Ruby is a sweet creative elderly lady who lives alone with undiagnosed dementia.
After accidentally burning her house down she is forced to move into her daughter Sharon's (Jacqueline McKenzie) crowded home and share her granddaughter Tash's (Coco Jack Gillies) bedroom.
The story is told through the eyes of Tash, 16, and aims to show the humanity of dementia. It's also about Ruby's family as they rediscover the value of her presence in their lives.
Tash is forced to share her bedroom with her grandmother and goes from hating her to loving her as she learns more about some family secrets.
Family dynamics are shifted as family secrets are unravelled, and Ruby soon has a surprising advocate when the time comes to move her into a nursing home. Unable to access services required to keep Ruby safe, Sharon is faced with the ultimate dilemma to go against her mother's wishes, or do what she thinks is best for Ruby.
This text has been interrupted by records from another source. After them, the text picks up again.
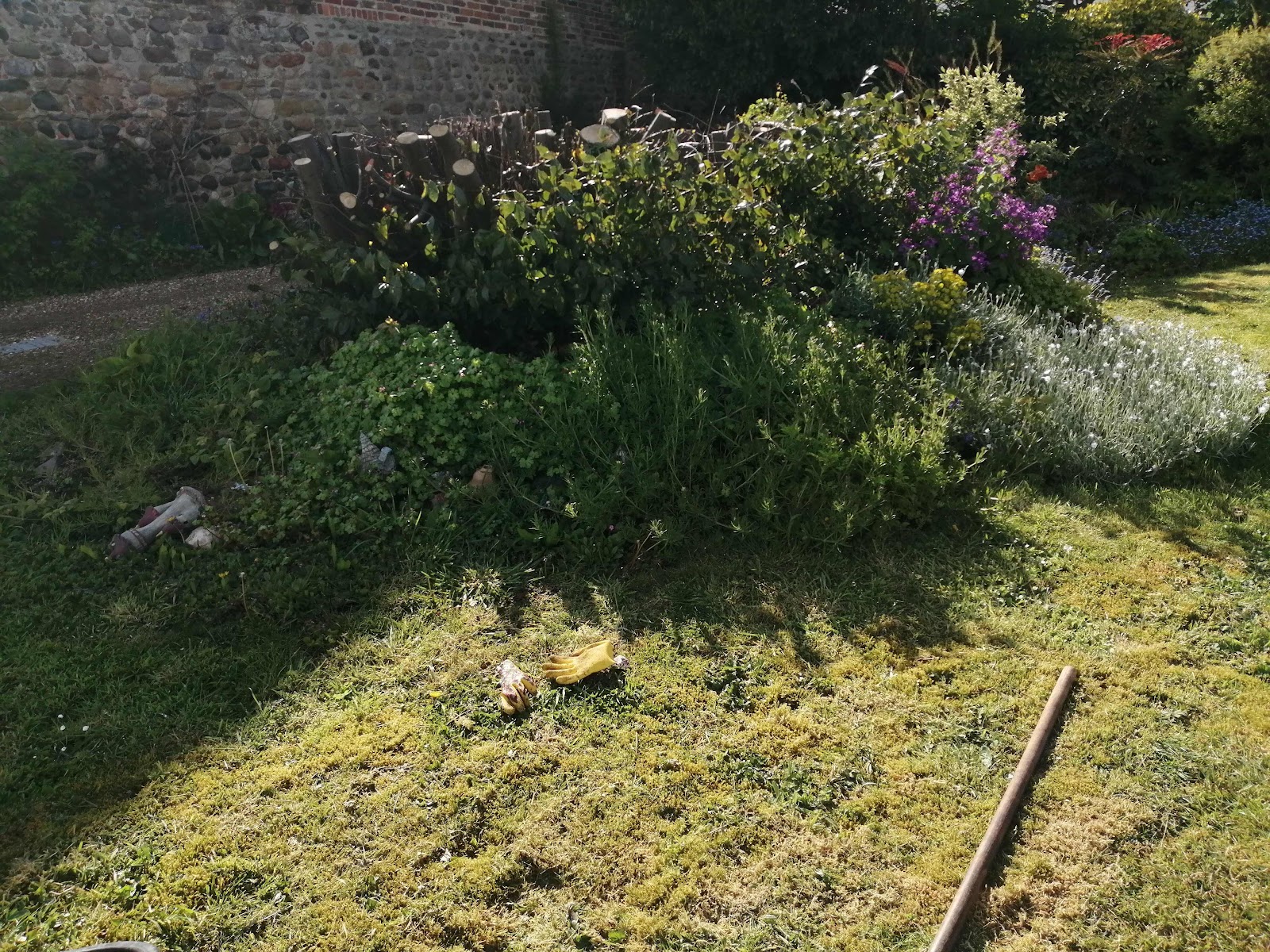 I removed the weeds and had to move all fairy garden bits and large stones onto the lawn for a while. Under the weeds were a layer of leaves which needed removing as well. This is one after which needs little more explanation!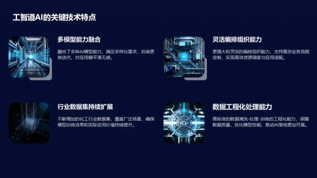 工智道AI的技術(shù)創(chuàng)新不僅體現(xiàn)在多模型融合與靈活編排能力上,更在于其“持續(xù)生長”的開放基因。產(chǎn)品以每1-2周的頻率迭代底層模型與數(shù)據(jù),每月發(fā)布新功能模塊(5月將上線3-4個新模塊),并通過行業(yè)數(shù)據(jù)集共建、小模型聯(lián)合精調(diào)等合作模式,與客戶共同推動技術(shù)進(jìn)化。針對中小型化工企業(yè)資源有限的痛點(diǎn),工智道AI提出“輕量化普惠”理念——支持本地化部署、算力資源合作及模塊化定制開發(fā),大幅降低企業(yè)使用門檻。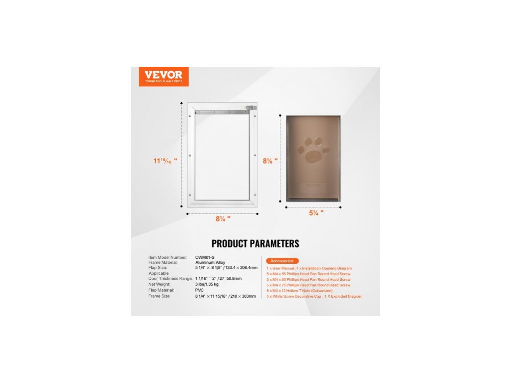 Použitelný rozsah tloušťky dvířek: 1,06-2 palce / 27-50,8 mm,Velikost klapky: 5,25 x 8,13 palce / 133,4 x 206,4 mm,Číslo modelu položky: CWM01-S,Materiál klapky: PVC,Materiál rámu: Hliníková slitina,Čistá hmotnost: 3 lbs/1,35 kg,Velikost rámu: 8,27 x 11,93 palce / 210 x 303 mm

Dementia Foundation for Spark of Life worked closely with the filmmakers to make sure the story was true to real-life experiences.
Philanthropist Sir Owen Glenn funded the film through the Glenn Family Foundation and donated 50 per cent of profits to the organisation.
Jane, a two-time Golden Globe winner, said Ruby's Choice was an emotional must-see for everyone.
"I have a friend who manages aged care homes who saw it and said it was a mandatory viewing. I showed Glen Campbell's widow, Kim, who said it was mandatory viewing," she said.
"Ruby's Choice is about showing the importance of love and compassion, which is also what drew me to the role.
"It opens up the conversation on dementia, a topic that many people know very little about despite the vast number of people who suffer from it.
"Dementia and Alzheimer's are like cancer, like mental illness. You have it, have had it or know someone with it.
"And sadly, dementia is the long goodbye."
Jane's career has spanned five decades. In that time, she found success on the big screen in films such as Somewhere in Time and Live and Let Die; on Broadway she originated the role of Constanze in the Tony award-winning Amadeus; and on television she starred in the much loved series Dr Quinn Medicine Woman. Her other television credits include The Scarlet Pimpernel, War and Remembrance and East of Eden, for which she won the Golden Globe for Best Actress in A Limited Series or Film Made for Television.
More recently, she has made her return to television in the award winning The Kominsky Method (Netflix) where she starred alongside Oscar winners Michael Douglas and Alan Arkin.